I remember before I started teaching Tarot the yawning gape of potential…how should I do this?

At first I was tempted to teach as I was taught. Tell everyone to by a copy of “78 degrees of wisdom” and use that as a template. But that felt disingenuous, I wanted to teach my take on the Tarot.

Then I was drawn to Mary K Greer’s way of connecting with the cards in varied, personal ways. But I wanted a slightly more didactic way of holding space- I didn’t have the confidence to teach in such an open style.

So I decided (as well as being deeply inspired by both authors) I wanted to bring in three clear aspects to my teaching:

· To find the good and the bad in every card.

· To be practical- talking about work, love, stress rather than spiritual paths and complex concepts.

· And I wanted to let the imagery speak for itself.

It felt scary to find “my” way of teaching, instead of following in the footsteps of others. I’m not saying it’s original in anyway, but it is my way of teaching. And about ten years on- I still teach based on the same principles. It works because it suits me well.

I don’t really focus on Tarot history, astrology, complex occult principles or the like. There are other people who understand far more than me, and I’m just not that interested. I focus on psychology, prediction, and empowerment based on the imagery in the Rider-Waite cards. This focus fascinates me, I can spend hours researching – and I have a pretty sound understanding.

The first step in finding your personal niche in the Tarot market is to know yourself. What you love, what you are (or could be skilled at), and not trying to please everyone!

Running a Tarot business is hard. It is a crowded market, and personal spending power is low. That does not mean that you can’t be successful though.

Work out what you are good at as a Tarot reader, translate that into a way to help others, and market yourself based on a niche that really suits you.

When I came to write my book, I had already been teaching for about seven years, and I had settled into my own teaching style well. But translating it into a book felt daunting.

The first thing I knew I wanted was lots of words! I’ve bought too many Tarot books that had lots of pictures, but just not really enough words to really sink into. I’m sure the length of my book (395 pages in the paperback- and no pictures-slightly more in the Kindle edition) puts some people off – but then, we can never please everyone.

I knew I wanted the book to refer to the pictures in the Rider-Waite Tarot, and to be practical. I could have created a book that was more generalised and appealed to a wider audience, but it would also dilute how well the book would teach Tarot. So, I stuck with my niche, even though it meant a smaller available audience.

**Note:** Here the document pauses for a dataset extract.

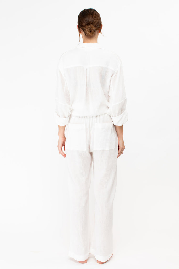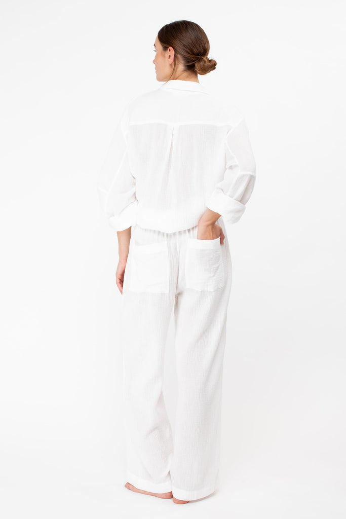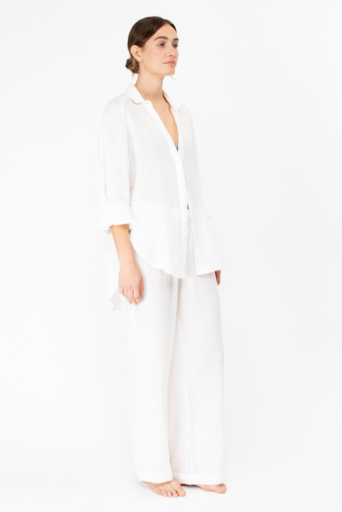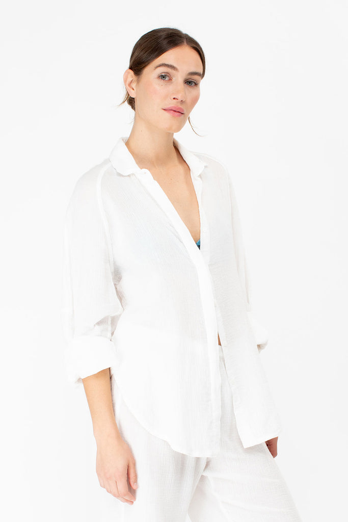 The Noto button-up shirt is crafted in ultra soft cotton and can be styled with effortless ease. We are coining this as our "beach button up". With a slight oversized fit and roomier sleeves, the Noto Shirt can be throw over your favorite MIKOH bikini or paired with her matching Reyna Shorts to complete the co-ord look.

Most of all I wanted to include my story in my book, to personalise the cards.

In my first ever series of workshops I just talked at the students, whilst holding cards up. I’m very grateful that I was called out on this and asked to demonstrate a spread. I jumped onto the table, sat in the middle and demonstrated a “dummy” spread. But as I looked at the cards, I realised it was not a dummy spread at all. It was about me, and deeply personal. But I was sat on the table, everyone was looking at me- I kind of had to read out loud and get over my embarrassment of talking on such a personal level. Or look like a complete idiot and climb off the table saying nothing (it was touch and go for a moment!) Since then I have stuck with the same formula. I share my readings, and use my life to illustrate the cards.

My style does not suit everyone. Some find it too personal, others of course love the personal context.

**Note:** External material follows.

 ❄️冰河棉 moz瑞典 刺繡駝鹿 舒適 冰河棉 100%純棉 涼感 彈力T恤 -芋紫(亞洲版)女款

This blog seems to have created a narrative of it’s own somehow. But to swing around to the start.

As a Tarot pro you will never please everyone.

If you are deeply intuitive some will want more logical.

If you are psychological based some will want more spiritual.

If you are long and drawn out, some will feel frustrated. If you are short and to the point some will wish for more.

Work out your strengths, your skills, your nuances as a Tarot reader- and market how these can help a client. It is a crowded market, but there is always room for helpful and accurate Tarot readers- whatever your style may be.